A specialized tool for analyzing PyTorch execution traces. This script parses raw .json trace files generated by the PyTorch Profiler, extracts the actual "leaf" operations, and exports them into a clean, analyzed CSV format.
This tool:
- Isolates Leaf Operations: Uses a stack-based algorithm to remove "parent" wrappers and keep only the operations that did the work.
- Filters Noise: Automatically removes operations with empty input shapes (e.g., scalars or empty lists).
- Custom Control: Allows you to Blacklist unwanted ops or Whitelist custom kernels (forcing them to be treated as leaves).
- Dataset Ready: Injects model metadata (Name, Task, Training status) into every row, making the CSVs mergeable for large-scale analysis.
To use this tool, you need to generate a .json trace file from your PyTorch model.
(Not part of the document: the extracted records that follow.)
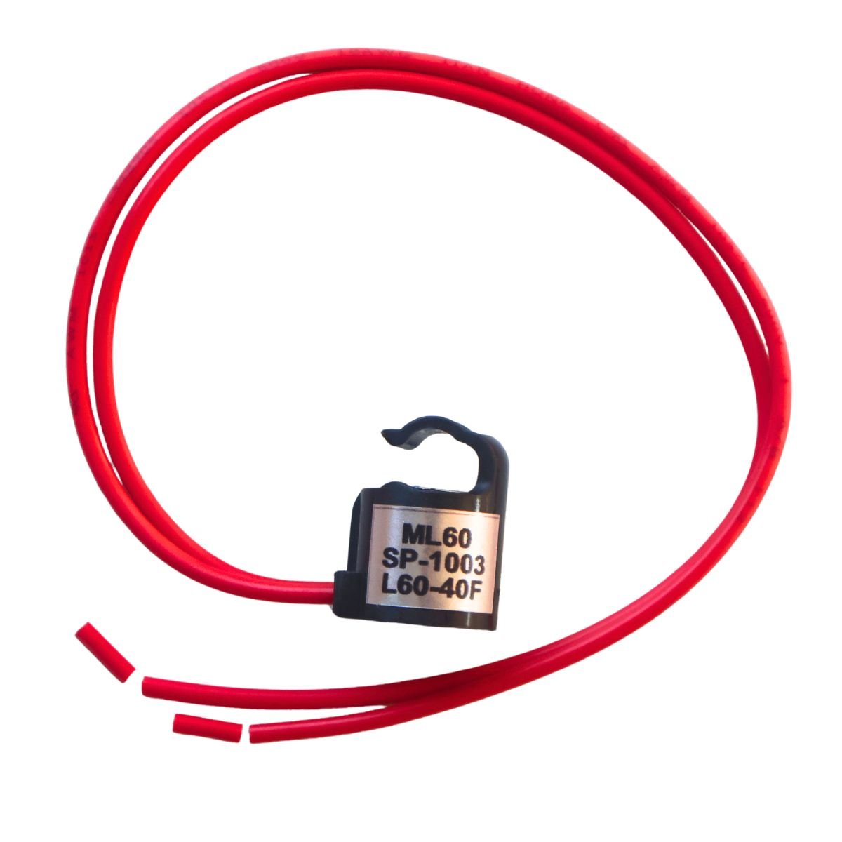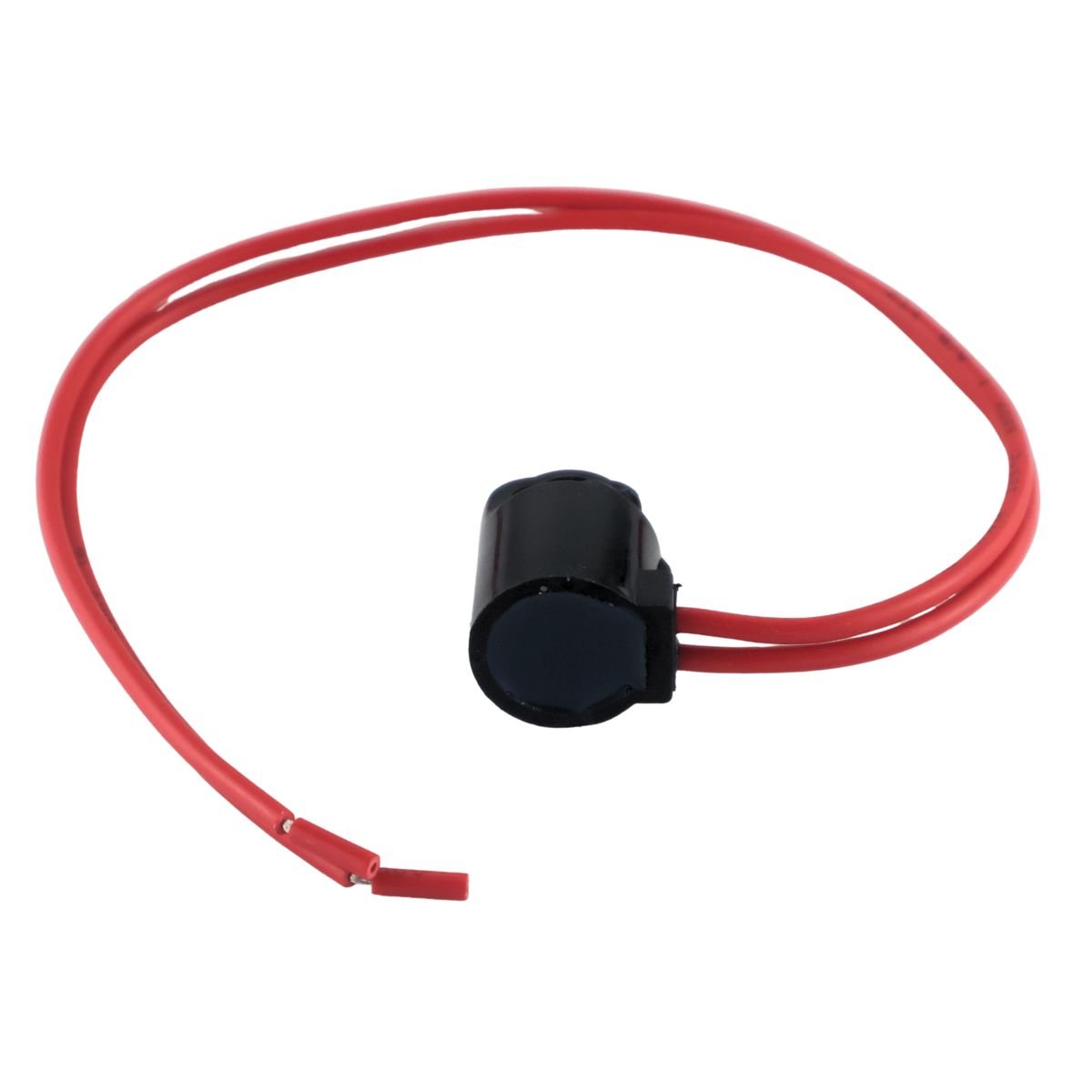 ✔️ 📏 Dimensiones y Diseño: Cuerpo compacto de 2.8 cms de largo, encapsulado en plástico negro de alta resistencia a la humedad. Cuenta con un gancho tipo clip (abrazadera) diseñado para anclarse firmemente a la tubería del evaporador.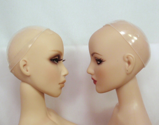 Silicone Wig Caps on Sybarite and Antoinette These stretchy clear silicone wig caps give an ideal non-slip surface and help with wig fit. They are sized to sit on the pate of the head, but can be trimmed if needed. These are really terrific! Try it for one doll and you'll want one for all of them! |
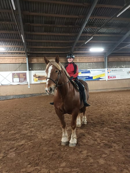 Ein Herz aus Gold auf vier Hufen – brave Kaltblutstute für Kinder & entspannte Ausritte Manche Pferde sind einfach etwas ganz Besonderes – diese 9-jährige Süddeutsche Kaltblutstute gehört definitiv dazu. Mit ihrer ruhigen, liebevollen Art gewinnt sie sofort die Herzen aller, die ihr begegnen. Seit einiger Zeit läuft sie zuverlässig im Schulbetrieb und ist dort ein absoluter Schatz – vor allem für Kinder. Geduldig, nervenstark und immer freundlich meistert sie ihre Aufgaben mit einer Selbstverständlichkeit, die man sich nur wünschen kann. Auch unsicheren Reitern gibt sie jederzeit ein gutes und sicheres Gefühl. Besonders hervorzuheben ist ihre Gelassenheit im Gelände: Ob allein oder in der Gruppe – sie ist eine ideale Partnerin für entspannte Ausritte und genießt diese sichtlich. Wer ein Pferd sucht, mit dem man einfach abschalten und die Natur genießen kann, ist bei ihr genau richtig. Sie ist solide ausgebildet, geht brav in allen drei Grundgangarten und lässt sich angenehm und unkompliziert reiten. Im Umgang zeigt sie sich sehr menschenbezogen und absolut unkompliziert. Sie ist gesund, regelmäßig geimpft und entwurmt. Schmied und Tierarzt sind für sie selbstverständlich kein Problem. Wir wünschen uns für sie ein liebevolles Zuhause, in dem sie weiterhin geschätzt wird – sei es als treuer Freizeitpartner, Familienpferd oder im Schulbetrieb. Bei ernsthaftem Interesse freuen wir uns über eine Nachricht.

You must verify that record_shapes=True is enabled so the tool can extract input dimensions.
Add the following context manager around your training step or inference call:
import torch
from torch.profiler import profile, record_function, ProfilerActivity
# ... Load your model and data ...
# 1. Start the Profiler
with profile(
activities=[ProfilerActivity.CPU, ProfilerActivity.CUDA],
record_shapes=True, # REQUIRED: captures Input Dims
with_stack=True # REQUIRED: captures hierarchy for leaf detection
) as prof:
# 2. Run your model
with record_function("model_inference"):
output = model(inputs)
# 3. Export the Trace
prof.export_chrome_trace("trace_output.json")Once generated, trace_output.json is ready to be parsed by this tool.
- Python 3.6+
- No external dependencies (uses standard libraries:
json,argparse,csv,os,collections).
Run the script from the command line passing the trace file and the mandatory metadata arguments.
python parse_trace.py <trace_file.json> \
--model-name "ResNet50" \
--ml-task "Image Classification" \
--is-training "True"| Argument | Required | Description |
|---|---|---|
file_path |
✅ | Path to the input PyTorch trace .json file. |
--model-name |
✅ | Name of the model (e.g., "BERT", "ResNet"). |
--ml-task |
✅ | The machine learning task (e.g., "NLP", "Detection"). |
--is-training |
✅ | True if trace is from training, False for inference. |
--output-dir |
❌ | Directory to save the output CSV. Defaults to current directory. |
--blacklist |
❌ | Path to a .txt file containing operations to exclude. |
--whitelist |
❌ | Path to a .txt file containing operations to force include (opaque leaves). |
1. Basic Usage
python parse_trace.py trace_resnet.json \
--model-name "ResNet18" \
--ml-task "Classification" \
--is-training "False"2. Using Filters (Blacklist & Whitelist) - Recommended
python parse_trace.py trace_custom.json \
--model-name "MyCustomModel" \
--ml-task "Recommendation" \
--is-training "True" \
--output-dir ./processed_data \
--blacklist filters/ignore_ops.txt \
--whitelist filters/custom_kernels.txtBy default, if Op A calls Op B, the script discards Op A (the parent) and records Op B (the leaf). This ensures you measure the actual computation, not the Python wrapper overhead.
If you have a custom operation (e.g., MyCustomLayer) that calls standard PyTorch ops internally, you might want to report the custom layer as a single unit rather than breaking it down.
- Action: Add
MyCustomLayerto your whitelist file. - Result: The script treats it as an "opaque leaf." It records
MyCustomLayerand ignores any operations called strictly inside it.
Any operation name found in the blacklist file is completely stripped from the final CSV output.
The script generates a file named <trace_filename>_ops.csv with the following columns:
| Column | Description |
|---|---|
| Model Name | Metadata provided via arguments. |
| ML Task | Metadata provided via arguments. |
| Is Training | Metadata provided via arguments. |
| Operation | The name of the executed operation (e.g., aten::add). |
| Input Dims | The shape of input tensors (e.g., [[32, 1024], [1024, 1024]]). |
| Input Type | The data types of inputs (e.g., ['float', 'float']). |
Note: Operations with empty input shapes (e.g., [] or [[], []]) are automatically excluded to remove scalar operations.